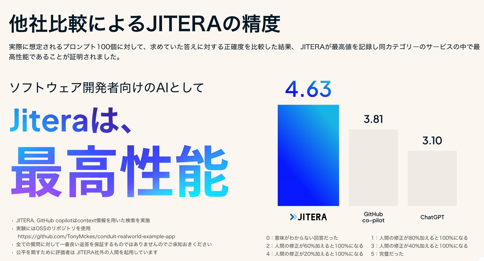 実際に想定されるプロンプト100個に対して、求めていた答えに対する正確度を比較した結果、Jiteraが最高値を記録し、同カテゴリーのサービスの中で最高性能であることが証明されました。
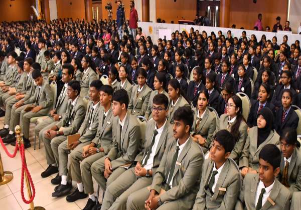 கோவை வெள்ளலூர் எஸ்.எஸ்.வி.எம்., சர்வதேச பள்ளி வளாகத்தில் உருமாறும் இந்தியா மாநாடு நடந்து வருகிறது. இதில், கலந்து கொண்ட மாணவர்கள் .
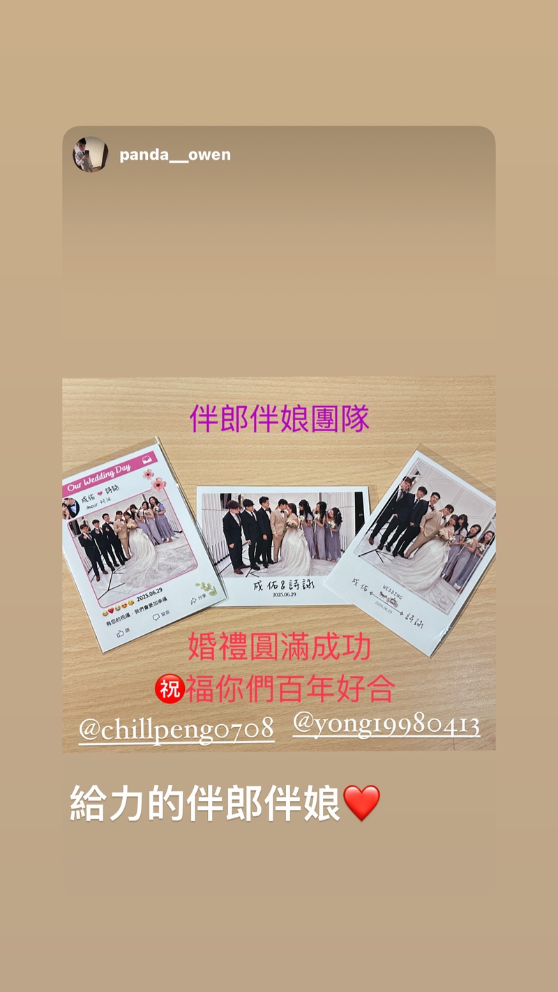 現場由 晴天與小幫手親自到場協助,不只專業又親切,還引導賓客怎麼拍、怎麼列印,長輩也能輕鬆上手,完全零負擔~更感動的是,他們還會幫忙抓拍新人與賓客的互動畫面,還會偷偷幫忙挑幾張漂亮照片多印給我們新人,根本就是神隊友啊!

****

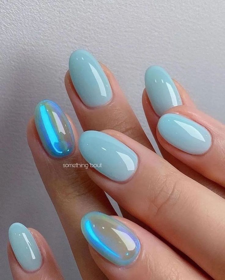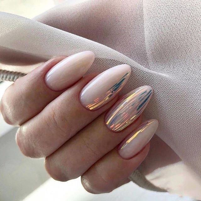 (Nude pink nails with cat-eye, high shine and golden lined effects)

****

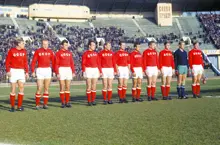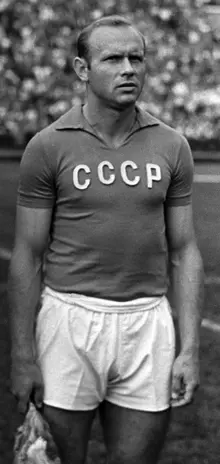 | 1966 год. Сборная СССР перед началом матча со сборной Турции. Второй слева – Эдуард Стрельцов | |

****

▶ _Your goal_
Between and including the line above that contains "実際に想定されるプロンプト1" and the line that contains "現場由 晴天與小幫手親自到場", restate every line word for word. Pictures stay out.

▶ _Solution below_
 実際に想定されるプロンプト100個に対して、求めていた答えに対する正確度を比較した結果、Jiteraが最高値を記録し、同カテゴリーのサービスの中で最高性能であることが証明されました。
 கோவை வெள்ளலூர் எஸ்.எஸ்.வி.எம்., சர்வதேச பள்ளி வளாகத்தில் உருமாறும் இந்தியா மாநாடு நடந்து வருகிறது. இதில், கலந்து கொண்ட மாணவர்கள் .
 現場由 晴天與小幫手親自到場協助,不只專業又親切,還引導賓客怎麼拍、怎麼列印,長輩也能輕鬆上手,完全零負擔~更感動的是,他們還會幫忙抓拍新人與賓客的互動畫面,還會偷偷幫忙挑幾張漂亮照片多印給我們新人,根本就是神隊友啊!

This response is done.